_Brief_
What you write must be the listing below in full, word for word, minus its pictures.

_Information supplied_
---
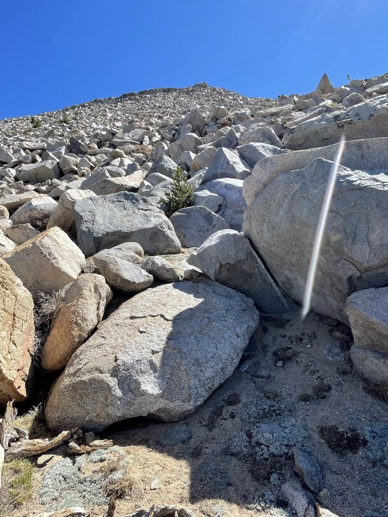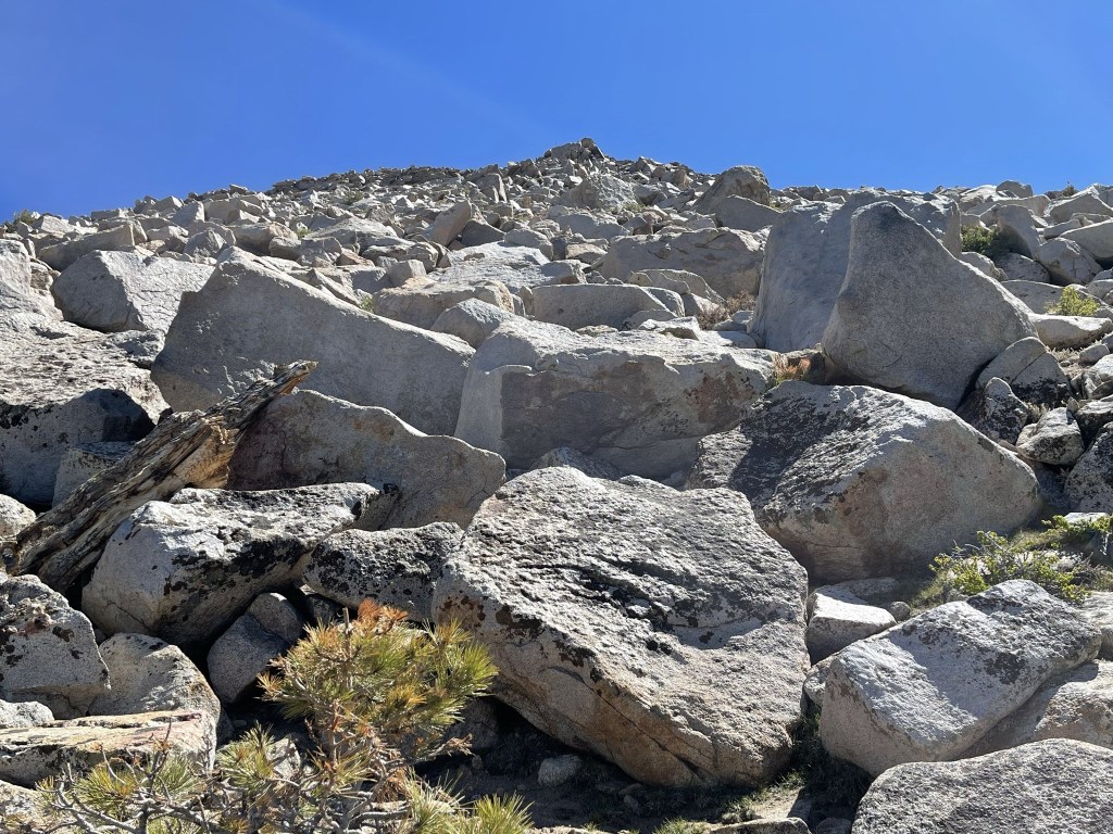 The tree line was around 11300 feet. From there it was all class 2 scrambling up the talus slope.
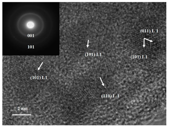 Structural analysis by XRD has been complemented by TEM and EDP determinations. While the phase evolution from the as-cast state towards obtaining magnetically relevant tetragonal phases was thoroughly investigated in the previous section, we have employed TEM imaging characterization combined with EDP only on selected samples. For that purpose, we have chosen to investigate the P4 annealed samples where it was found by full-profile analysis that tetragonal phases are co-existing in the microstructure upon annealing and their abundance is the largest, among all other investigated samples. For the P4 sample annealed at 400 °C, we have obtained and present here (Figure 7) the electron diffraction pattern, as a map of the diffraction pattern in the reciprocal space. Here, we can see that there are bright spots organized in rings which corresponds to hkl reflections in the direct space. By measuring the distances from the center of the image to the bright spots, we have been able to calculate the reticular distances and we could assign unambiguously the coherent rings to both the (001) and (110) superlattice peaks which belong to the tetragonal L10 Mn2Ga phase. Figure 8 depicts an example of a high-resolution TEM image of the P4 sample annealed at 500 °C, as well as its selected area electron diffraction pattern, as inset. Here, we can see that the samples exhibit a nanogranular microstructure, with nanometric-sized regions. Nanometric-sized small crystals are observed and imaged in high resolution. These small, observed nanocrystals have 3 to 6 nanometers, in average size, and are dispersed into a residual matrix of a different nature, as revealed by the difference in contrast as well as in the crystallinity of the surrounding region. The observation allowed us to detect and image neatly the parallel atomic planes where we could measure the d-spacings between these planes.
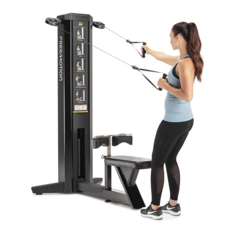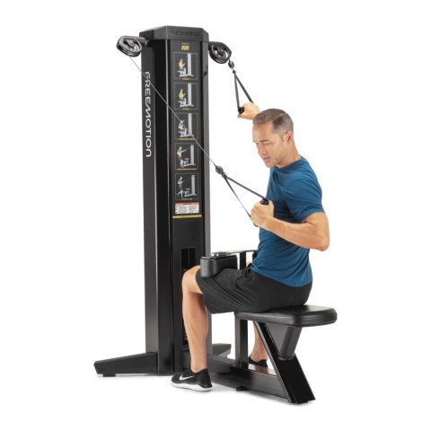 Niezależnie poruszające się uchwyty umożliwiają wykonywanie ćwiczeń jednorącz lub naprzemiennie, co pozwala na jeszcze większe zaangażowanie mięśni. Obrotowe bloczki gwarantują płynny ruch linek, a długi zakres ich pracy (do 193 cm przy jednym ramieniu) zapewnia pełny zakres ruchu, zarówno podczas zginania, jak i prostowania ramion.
---
_Solution to this problem_
 The tree line was around 11300 feet. From there it was all class 2 scrambling up the talus slope.
 Structural analysis by XRD has been complemented by TEM and EDP determinations. While the phase evolution from the as-cast state towards obtaining magnetically relevant tetragonal phases was thoroughly investigated in the previous section, we have employed TEM imaging characterization combined with EDP only on selected samples. For that purpose, we have chosen to investigate the P4 annealed samples where it was found by full-profile analysis that tetragonal phases are co-existing in the microstructure upon annealing and their abundance is the largest, among all other investigated samples. For the P4 sample annealed at 400 °C, we have obtained and present here (Figure 7) the electron diffraction pattern, as a map of the diffraction pattern in the reciprocal space. Here, we can see that there are bright spots organized in rings which corresponds to hkl reflections in the direct space. By measuring the distances from the center of the image to the bright spots, we have been able to calculate the reticular distances and we could assign unambiguously the coherent rings to both the (001) and (110) superlattice peaks which belong to the tetragonal L10 Mn2Ga phase. Figure 8 depicts an example of a high-resolution TEM image of the P4 sample annealed at 500 °C, as well as its selected area electron diffraction pattern, as inset. Here, we can see that the samples exhibit a nanogranular microstructure, with nanometric-sized regions. Nanometric-sized small crystals are observed and imaged in high resolution. These small, observed nanocrystals have 3 to 6 nanometers, in average size, and are dispersed into a residual matrix of a different nature, as revealed by the difference in contrast as well as in the crystallinity of the surrounding region. The observation allowed us to detect and image neatly the parallel atomic planes where we could measure the d-spacings between these planes.
 Niezależnie poruszające się uchwyty umożliwiają wykonywanie ćwiczeń jednorącz lub naprzemiennie, co pozwala na jeszcze większe zaangażowanie mięśni. Obrotowe bloczki gwarantują płynny ruch linek, a długi zakres ich pracy (do 193 cm przy jednym ramieniu) zapewnia pełny zakres ruchu, zarówno podczas zginania, jak i prostowania ramion.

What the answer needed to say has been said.